Alternatives to public pubs / open invites
Previously I wrote about benefits of pubs [%vOVOwGp...] and how they can improve in the future [%XOUlIjd...]. But that did not cover the use of pubs for new people onboarding to the network. If you don't have friends in the network, would peer-invites or p2p connections help? I want to explore a little the way people join the network via public pubs, and what are some alternatives.
Last I checked, the Patchwork readme and scuttlebutt.nz website recommend to join a pub from the pub servers registry github wiki page (recently re-organized: %smNtEg7...). These include "public pubs" which offer "open invites" - invite codes free to anyone who goes to the page. Some people have suggested this practice discontinue [%ongF09D..., %WGZUWw9..., %6HC2DZd..., %boFq/pP..., %/bJK5nK...], but it continues. "'Public pubs' are establishments that exist to foster new communities" [%FAFvsbb...]. People who don't operate pubs use public invites for onboarding friends [%zcApFNW...]. In that case, integration of ssb-peer-invites into clients, and further deployment of it on pubs, should fix the problem. But for the case of people hearing about the network via podcasts, blog posts, articles, etc., how do they connect?

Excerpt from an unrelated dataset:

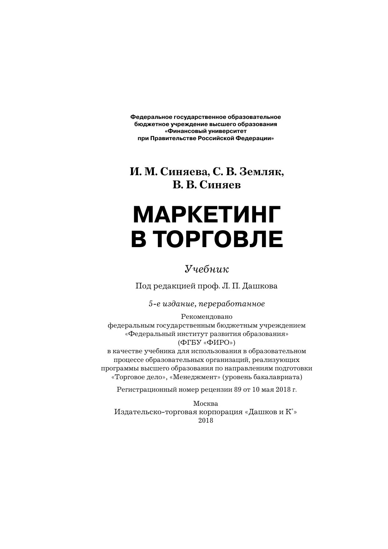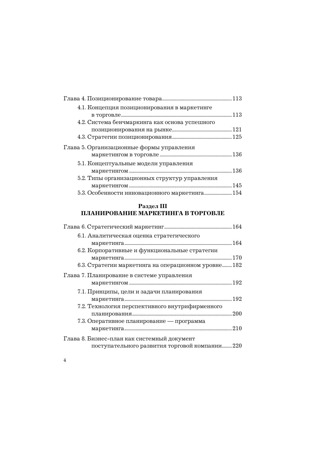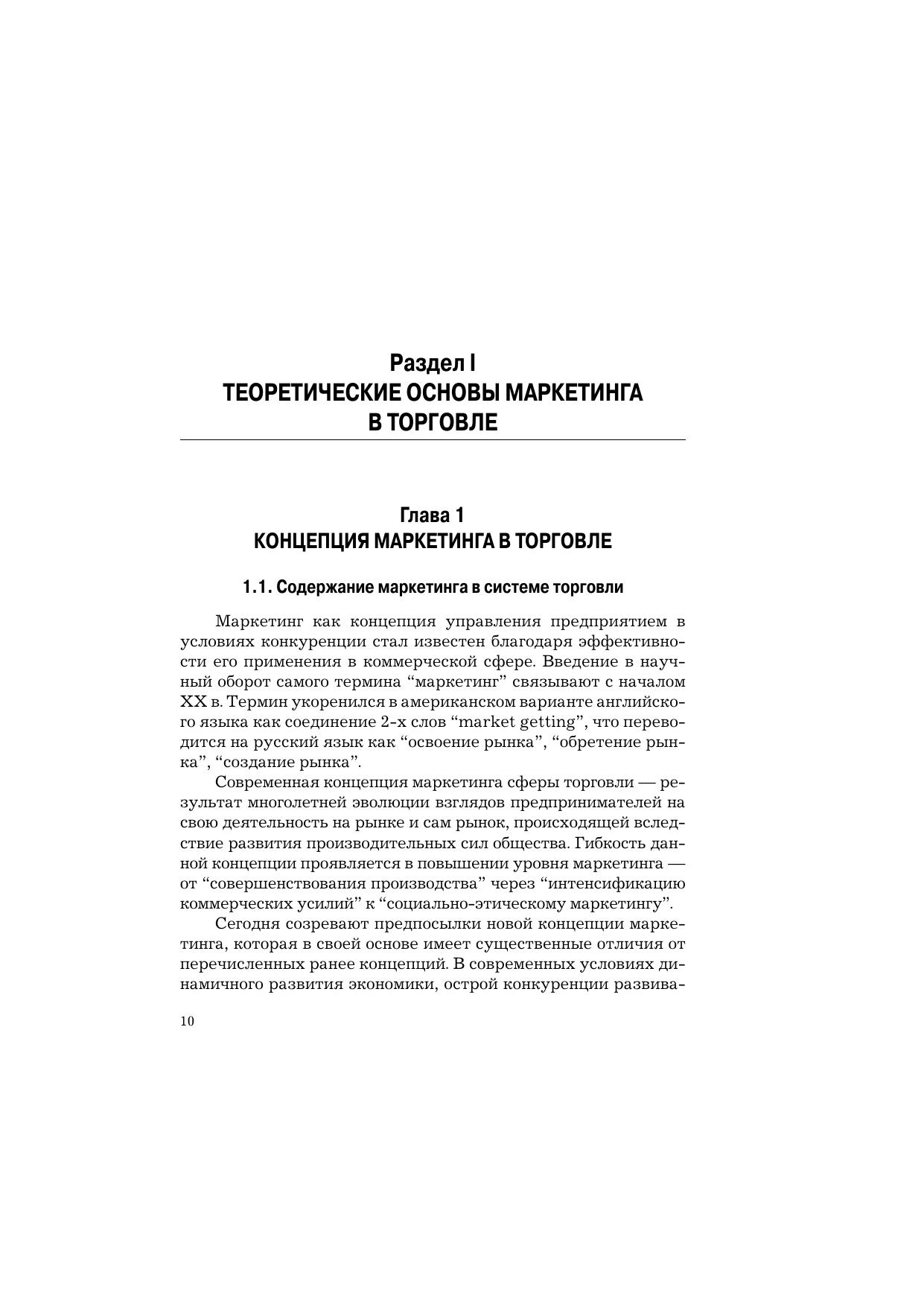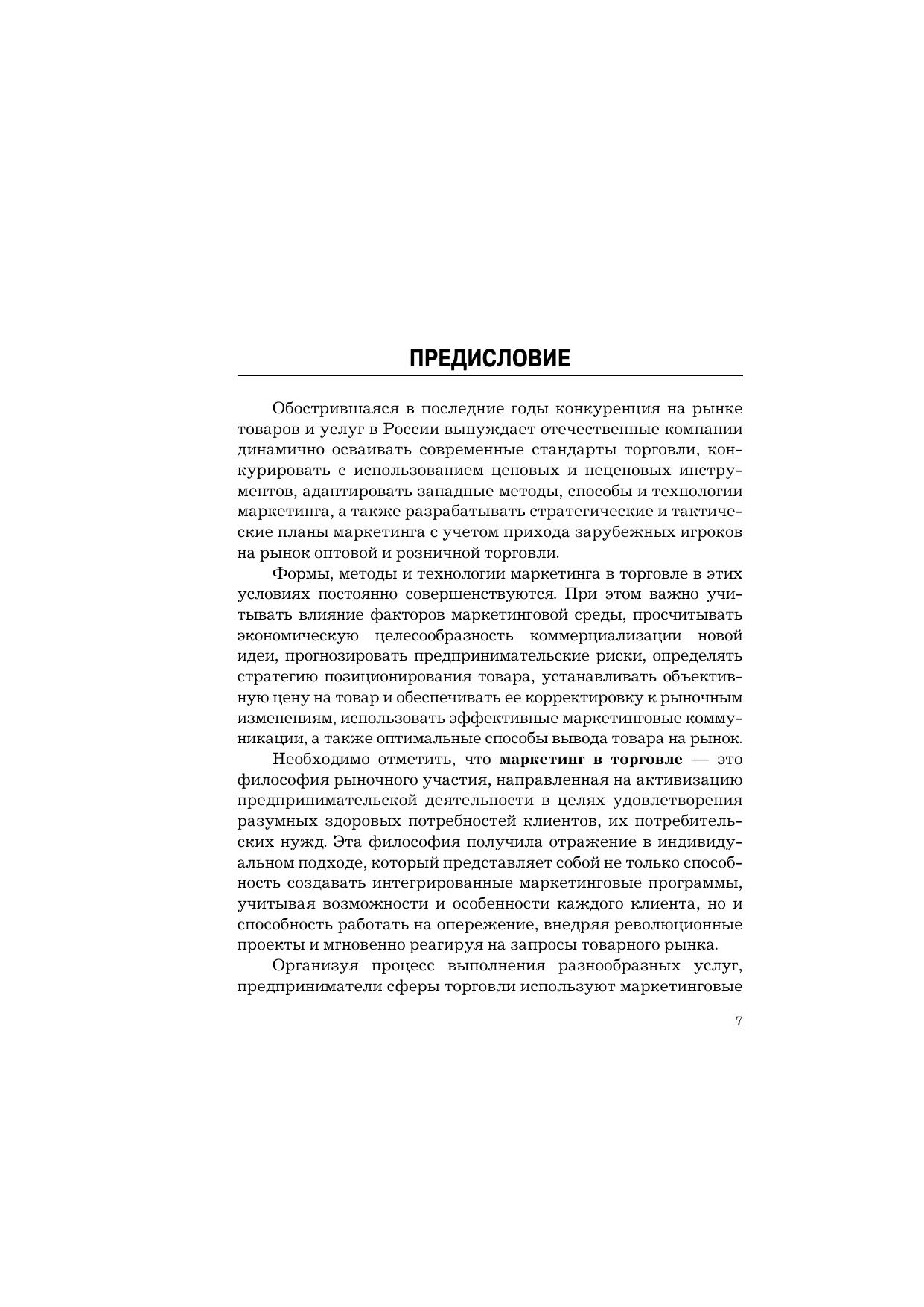 В учебнике раскрываются теоретические аспекты, механизм управления и планирования маркетинга в торговле. Особое внимание уделено характеристике маркетинговых технологий в торговле и методов оценки эффективности их использования. Важно, что в учебнике приведены конкретные алгоритмы расчетов, аналитические таблицы, маркетинговые матрицы, рисунки, графики на примерах организации маркетинга в торговле. Для студентов бакалавриата, обучающихся по направлениям подготовки «Торговое дело» и «Менеджмент», преподавателей экономических направлений подготовки вузов, научных работников, исследующих проблемы маркетинга в торговле, а также менеджеров различных коммерческих структур.

Here are some notes and links related to alternative options for onboarding people without an existing personal connection:
- "learn from Mastodon about federated pubs (each pub has a clear purpose, code of conduct, maybe location)." [%jm+KbND...]
- "think about what (besides topic or location) attracts people to particular Mastodon servers or eMail servers." [%1bIiAx4...]
- invites codes for purchase [%OoVDyWk...] or by donation [%/ZFfnE1...]
- A pub could have a form for people to fill out to request an invite. They could be asked why they want to join, and/or external contact info. Then that info could be presented for approval to the pub operator(s), or a private group, or a public channel. Downside is asynchrony, so the new person would have to wait for an email or something to get their invite. Or the system could approve them automatically and/or provisionally.
- Pubs could unfollow new users after some time has passed [%6+gmXsy..., %6coPYLv...] or the user has gotten established in the social network [%sDaPT+E...].
- Let people volunteer to help onboard new people by escrowing peer-invites from their own id into a trusted pub/website/service. Then when people request an invite from that service, they get one from its store of user-invites. It would be like assigning an onboarding buddy or guide who has voluntered to help a new person in. This could give more a personal touch to onboarding, and also spread risk and avoid social graph flattening.
- Spacial-associated or organization-associated or interest-based pubs. "like 'people who love this local coffee shop' micro" [%f6ZRXO2...]. "bring geographically close people together […] or bring people interested in the same thing together" [%77J5LPn...]. local pubs via pirate boxes [%/ZBVKKH...]. Are there any hackerspaces that have an automated/systematic way for people to onboard to SSB via being at the space or being a member of it?